Richard Feynman wrote in "QED" on page 19 the following which is similar to what you are describing but about photons reflecting or not off of a pane of glass:
Philosophers have said that if the same circumstances don't always produce the same results, predictions are impossible and science will collapse. Here is a circumstance--identical photons are always coming down in the same direction to the same piece of glass--that produces different results. We cannot predict whether a given photon will arrive at A or B. All we can predict is that out of 100 photons that come down, an average of 4 will be reflected by the front surface. Does that mean that physics, a science of great exactitude, has been reduced to calculating only the probability of an event, and not predicting exactly what will happen? Yes. That's a retreat, but that's the way it is: Nature permits us to calculate only probabilities. Yet science has not collapsed.
Note that this behavior is not deterministic for a single photon. Nor is the probability of reflecting off a pane of glass like a random toss of a coin (which would mean 50 out of 100 photons should reflect, not 4). If one defined the ability to make a choice as behavior that cannot be determined nor is uniformly random, then each photon could be described as making a choice. Whether the photon actually makes a choice or not is left to philosophers to argue.

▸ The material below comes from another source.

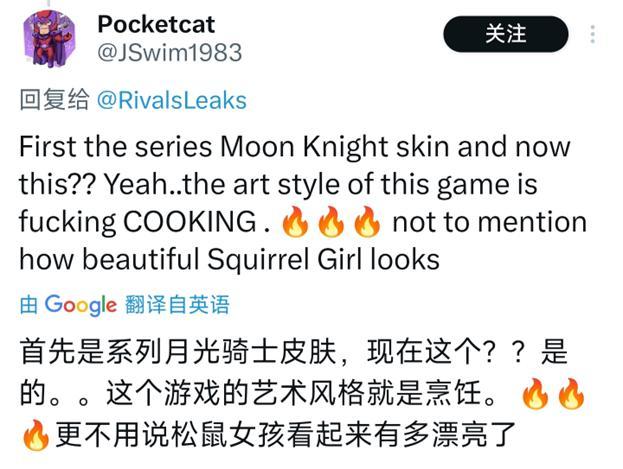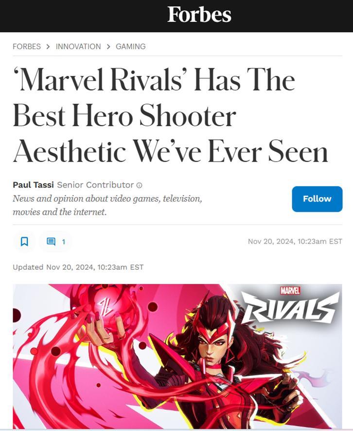 而且你知道最搞的是什麼?如果說2016年的《守望先鋒》,是美國人讓中國玩家愛上了他們的“屁股”;而2024年的《漫威爭鋒》,就是中國人讓全世界玩家愛上了中國製造的內容,用的還是歐美人自己的IP。在DEI妖魔鬼怪橫行的歐美遊戲圈,找到一款從身材比例、造型和性別都符合大衆正常審美的遊戲,已經會讓老外們感激涕零了。更何況,《漫威爭鋒》真的屬於角色審美在線的類型,男性的強壯,女性的曲線美,以及對於原作細節的精緻復刻,已經讓這遊戲的角色形象設計,成了海外玩家的焦點話題。比如非常符合歐美人XP的松鼠女,感覺已經預定了今年的3D區扛把子了......狗裏狗氣的小鯊魚Jeff,本來在漫威原作中還沒有很強的存在感,得益於《漫威爭鋒》的美術表現力,居然成了超人氣角色。《漫威爭鋒》的做法顯然是:首先讓別人喜歡上你,再試圖輸出你的文化內容。在此基礎上,遊戲試水了更多國風內容。就比如1月3日,《漫威爭鋒》上線了“青麟天將”和“御鼠龍女”兩款中國神龍主題皮膚。通過祥雲、水墨等國風元素的應用,給老外開了開中國文化的眼界。一些英雄設計,則包含了更深刻的文化內涵。比如 “鐵拳”林烈,作爲中國英雄征戰海外的代表,林烈的技能設計頗具傳統國風韻味,如“燕子三抄水”、“截拳道”、“御氣乘龍”等中國傳統武術招式。終極技能語音“氣貫長虹”,更是因爲全語音包統一使用中文,讓老外們聽到一句霸氣的中文就被創死。結果,就像《只狼》文化輸出“死”字那樣,“氣貫長虹”也成了海外各大遊戲社羣裏的爆火流行梗。所以我覺得,《漫威爭鋒》最獨特的一點在於:以往的遊戲是將中國自己的內容輸出海外,代表着中國人能做好我們自己的文化;而《漫威爭鋒》則代表了,即使是歐美人的文化,在我們手中也能做好,甚至比歐美人自己做的更好,主打一個反向文化輸出,無論什麼題材,讓我們中國文化都能佔據一席之地,形成一種超越地域限制的共同體驗。《漫威爭鋒》的遊戲體驗,是得到了全球玩家普遍好評的,遠不止那個夏天的簡單替代品,它還有很多自己獨特的東西。首先在於,其真正還原了超級英雄能力的戰鬥體驗。你會看到大部分角色能在空中翱翔,用超能力展開激烈的交火,對漫威粉絲來說,是至福的享受,你可以復刻各種經典場景的快感:美國隊長和雷神並肩作戰、黑寡婦和鷹眼重建帝國,彷彿置身於電影中。許多設計有趣的英雄,也被玩家發掘出了搞怪偏門的玩法。比如奇異博士的傳送門技能,可以將對方直接送至懸崖邊緣,或者通過巧妙放置兩個傳送門造成無限下落的效果。非常抽象,非常邪門,非常好玩。另一方面,是是遊戲裏“連攜技能”的設計。遊戲每個角色都有多種連攜技能,當隊伍裏有兩名或三名有羈絆的英雄時,他們就會激活連攜技,多出各種額外技能或被動效果。連攜技能存在的意義,除了強度以外,更重要的其實是好玩。比如當你選擇火箭浣熊,而你朋友選擇格魯特時,你就能控制浣熊騎在格魯特身上,全程讓格魯特帶着你走,你們雙方都獲得減傷,同時浣熊瘋狂開火和發射治療彈。再比如蜘蛛機甲潘妮·帕克和毒液同時出現時,潘妮·帕克會多一個共生體尖刺護甲的技能,毒液則會獲得加強。玩家不必侷限於死板的傳統配隊,而是可以盡情享受遊戲帶來的歡樂。這份純粹的樂趣,恰恰是許多主流競技遊戲嚴重缺失的。總之,從服務到內容,《漫威爭鋒》都展現出了極高的戰鬥力,與此同時仍有極高的潛力。隨着遊戲的影響力水漲船高,我們也能看到,裏面充滿中國傳統文化韻味的設計正在全球範圍內獲得認可,成爲了連接不同文化、促進文化交流的橋樑。《黑神話:悟空》和《漫威爭鋒》分別在買斷制和服務制遊戲領域,成了2024年全球遊戲圈的一發王炸。但它們的崛起絕不是個別事件,而是中國遊戲加強國際競爭力的開端。在2025年,我相信還會有更多的中國文化,湧現在不同的遊戲市場中。對於《漫威爭鋒》,我和許多玩家一樣,相當看好它的未來。遊戲迄今公佈的更新計劃,相當落地且富有誠意——預計每年會有四個賽季的更新,每個賽季都會帶來新的故事情節、英雄人物和地圖環境,平均每兩個月推出四位新角色。這種節奏足夠保障玩家的體驗新鮮感。也就在前不久,《漫威爭鋒》「第1賽季:永夜降臨」已正式上線。帶來全新地圖,並率先引入《神奇四俠》的經典角色「神奇先生」與「隱形女」。更新後,《漫威爭鋒》在Steam 平臺的熱度再創巔峯,同時在線人數突破64.4 萬人,甚至超越了去年12月6日,遊戲正式推出時的48萬人紀錄。我想,《漫威爭鋒》在意的並不是未來如何競爭,它只想做好自己,用其獨特的魅力迎接每一位渴望成爲超級英雄的玩家,以及用自己的方式,在未來向全世界傳遞更多屬於中國的故事吧。

If a photon could be interpreted as making a choice, we should be careful before assuming that we cannot make a choice.
We fool ourselves because our models are simplifications of reality and they use mathematics which is deterministic. Those mathematical models we know must be incorrect because in those models we could go backward in time, but reality generally speaking does not go backward. The models give accurate predictions, but that does not mean that reality is the same as those models.
Here you are viewing yourself as an individual. It does matter what you think about reality because you influence the people around you. We are all members of various groups. We cannot isolate ourselves from all of these groups.